- Brief -
Please copy the leading lines of the entries below exactly, concluding with the line in which "Freezer Base Shallow" occurs.

--- Dataset Enclosed Below ---

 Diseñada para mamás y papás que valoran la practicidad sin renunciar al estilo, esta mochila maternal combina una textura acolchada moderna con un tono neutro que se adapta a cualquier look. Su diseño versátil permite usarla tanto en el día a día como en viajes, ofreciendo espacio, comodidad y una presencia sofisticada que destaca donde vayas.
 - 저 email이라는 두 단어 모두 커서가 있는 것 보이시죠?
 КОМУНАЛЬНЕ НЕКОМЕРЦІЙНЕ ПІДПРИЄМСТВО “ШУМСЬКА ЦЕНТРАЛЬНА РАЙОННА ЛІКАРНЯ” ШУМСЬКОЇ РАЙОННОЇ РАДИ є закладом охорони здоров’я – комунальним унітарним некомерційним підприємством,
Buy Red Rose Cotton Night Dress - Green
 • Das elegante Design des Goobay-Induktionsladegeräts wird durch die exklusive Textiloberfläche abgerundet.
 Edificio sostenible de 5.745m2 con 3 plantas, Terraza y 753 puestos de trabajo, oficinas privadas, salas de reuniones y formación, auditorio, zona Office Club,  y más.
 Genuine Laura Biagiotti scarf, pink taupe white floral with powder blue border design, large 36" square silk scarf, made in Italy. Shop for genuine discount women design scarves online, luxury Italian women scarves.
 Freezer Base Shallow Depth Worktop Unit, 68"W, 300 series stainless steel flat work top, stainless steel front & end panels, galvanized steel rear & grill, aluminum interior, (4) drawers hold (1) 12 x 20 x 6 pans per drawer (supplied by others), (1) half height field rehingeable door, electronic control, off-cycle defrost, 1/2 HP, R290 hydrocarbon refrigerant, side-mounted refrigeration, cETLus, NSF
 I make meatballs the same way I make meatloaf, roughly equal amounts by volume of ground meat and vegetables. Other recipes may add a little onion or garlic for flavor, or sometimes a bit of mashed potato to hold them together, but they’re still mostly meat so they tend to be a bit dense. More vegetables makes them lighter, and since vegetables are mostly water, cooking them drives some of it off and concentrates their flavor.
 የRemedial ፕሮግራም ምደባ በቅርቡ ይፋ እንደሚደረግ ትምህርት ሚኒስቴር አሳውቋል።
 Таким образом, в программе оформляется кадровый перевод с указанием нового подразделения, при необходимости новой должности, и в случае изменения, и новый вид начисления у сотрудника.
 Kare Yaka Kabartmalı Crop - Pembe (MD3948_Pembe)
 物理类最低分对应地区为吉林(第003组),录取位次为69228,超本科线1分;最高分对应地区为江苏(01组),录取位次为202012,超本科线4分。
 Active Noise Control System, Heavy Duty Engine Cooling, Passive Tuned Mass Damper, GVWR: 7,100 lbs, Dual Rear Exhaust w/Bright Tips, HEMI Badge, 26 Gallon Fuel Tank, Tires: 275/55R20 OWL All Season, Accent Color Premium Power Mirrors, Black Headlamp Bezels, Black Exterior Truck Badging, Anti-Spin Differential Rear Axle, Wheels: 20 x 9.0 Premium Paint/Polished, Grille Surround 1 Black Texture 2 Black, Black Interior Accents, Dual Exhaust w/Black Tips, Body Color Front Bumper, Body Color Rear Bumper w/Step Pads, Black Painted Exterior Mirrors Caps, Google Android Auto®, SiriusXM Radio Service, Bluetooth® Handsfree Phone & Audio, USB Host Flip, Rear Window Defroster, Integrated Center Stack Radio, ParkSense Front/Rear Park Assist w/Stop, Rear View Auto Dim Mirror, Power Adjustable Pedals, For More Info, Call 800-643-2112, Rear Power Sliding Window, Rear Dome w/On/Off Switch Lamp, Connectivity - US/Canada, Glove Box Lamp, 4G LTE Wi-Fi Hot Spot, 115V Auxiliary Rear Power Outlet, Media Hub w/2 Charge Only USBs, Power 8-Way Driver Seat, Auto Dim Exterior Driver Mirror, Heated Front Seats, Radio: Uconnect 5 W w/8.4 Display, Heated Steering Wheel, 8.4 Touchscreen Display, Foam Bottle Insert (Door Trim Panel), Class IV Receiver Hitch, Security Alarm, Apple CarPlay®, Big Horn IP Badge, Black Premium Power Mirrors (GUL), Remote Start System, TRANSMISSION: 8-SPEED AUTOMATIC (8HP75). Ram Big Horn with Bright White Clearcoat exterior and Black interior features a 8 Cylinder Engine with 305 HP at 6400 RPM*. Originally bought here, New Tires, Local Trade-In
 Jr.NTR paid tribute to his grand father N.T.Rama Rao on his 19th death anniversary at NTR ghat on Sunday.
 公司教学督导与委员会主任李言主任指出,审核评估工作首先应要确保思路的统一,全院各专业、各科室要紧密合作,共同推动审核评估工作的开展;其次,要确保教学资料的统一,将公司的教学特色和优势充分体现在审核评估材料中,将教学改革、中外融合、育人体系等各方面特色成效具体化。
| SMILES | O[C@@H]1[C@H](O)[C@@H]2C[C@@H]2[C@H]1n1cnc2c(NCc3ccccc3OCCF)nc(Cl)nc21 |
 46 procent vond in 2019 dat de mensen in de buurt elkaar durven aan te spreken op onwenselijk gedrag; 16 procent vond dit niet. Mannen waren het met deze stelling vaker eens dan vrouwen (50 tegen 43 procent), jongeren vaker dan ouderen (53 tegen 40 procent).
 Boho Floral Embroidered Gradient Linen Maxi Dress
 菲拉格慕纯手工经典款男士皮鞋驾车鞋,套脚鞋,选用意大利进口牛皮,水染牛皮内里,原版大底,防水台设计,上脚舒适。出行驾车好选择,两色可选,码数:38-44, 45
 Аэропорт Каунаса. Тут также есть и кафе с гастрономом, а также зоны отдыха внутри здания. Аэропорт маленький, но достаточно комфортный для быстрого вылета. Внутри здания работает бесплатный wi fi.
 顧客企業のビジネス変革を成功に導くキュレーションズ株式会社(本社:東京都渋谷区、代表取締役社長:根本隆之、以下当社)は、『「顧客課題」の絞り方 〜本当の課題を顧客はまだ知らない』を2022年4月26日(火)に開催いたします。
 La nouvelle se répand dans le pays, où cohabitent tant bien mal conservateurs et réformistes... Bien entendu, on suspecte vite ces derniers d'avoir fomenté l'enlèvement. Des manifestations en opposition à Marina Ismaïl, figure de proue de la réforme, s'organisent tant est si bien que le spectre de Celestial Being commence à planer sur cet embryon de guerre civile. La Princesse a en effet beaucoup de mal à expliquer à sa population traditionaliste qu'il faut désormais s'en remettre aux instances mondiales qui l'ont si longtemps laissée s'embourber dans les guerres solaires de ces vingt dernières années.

--- End of Enclosed Dataset ---

- Reply to the exercise -
 Diseñada para mamás y papás que valoran la practicidad sin renunciar al estilo, esta mochila maternal combina una textura acolchada moderna con un tono neutro que se adapta a cualquier look. Su diseño versátil permite usarla tanto en el día a día como en viajes, ofreciendo espacio, comodidad y una presencia sofisticada que destaca donde vayas.
 - 저 email이라는 두 단어 모두 커서가 있는 것 보이시죠?
 КОМУНАЛЬНЕ НЕКОМЕРЦІЙНЕ ПІДПРИЄМСТВО “ШУМСЬКА ЦЕНТРАЛЬНА РАЙОННА ЛІКАРНЯ” ШУМСЬКОЇ РАЙОННОЇ РАДИ є закладом охорони здоров’я – комунальним унітарним некомерційним підприємством,
Buy Red Rose Cotton Night Dress - Green
 • Das elegante Design des Goobay-Induktionsladegeräts wird durch die exklusive Textiloberfläche abgerundet.
 Edificio sostenible de 5.745m2 con 3 plantas, Terraza y 753 puestos de trabajo, oficinas privadas, salas de reuniones y formación, auditorio, zona Office Club,  y más.
 Genuine Laura Biagiotti scarf, pink taupe white floral with powder blue border design, large 36" square silk scarf, made in Italy. Shop for genuine discount women design scarves online, luxury Italian women scarves.
 Freezer Base Shallow Depth Worktop Unit, 68"W, 300 series stainless steel flat work top, stainless steel front & end panels, galvanized steel rear & grill, aluminum interior, (4) drawers hold (1) 12 x 20 x 6 pans per drawer (supplied by others), (1) half height field rehingeable door, electronic control, off-cycle defrost, 1/2 HP, R290 hydrocarbon refrigerant, side-mounted refrigeration, cETLus, NSF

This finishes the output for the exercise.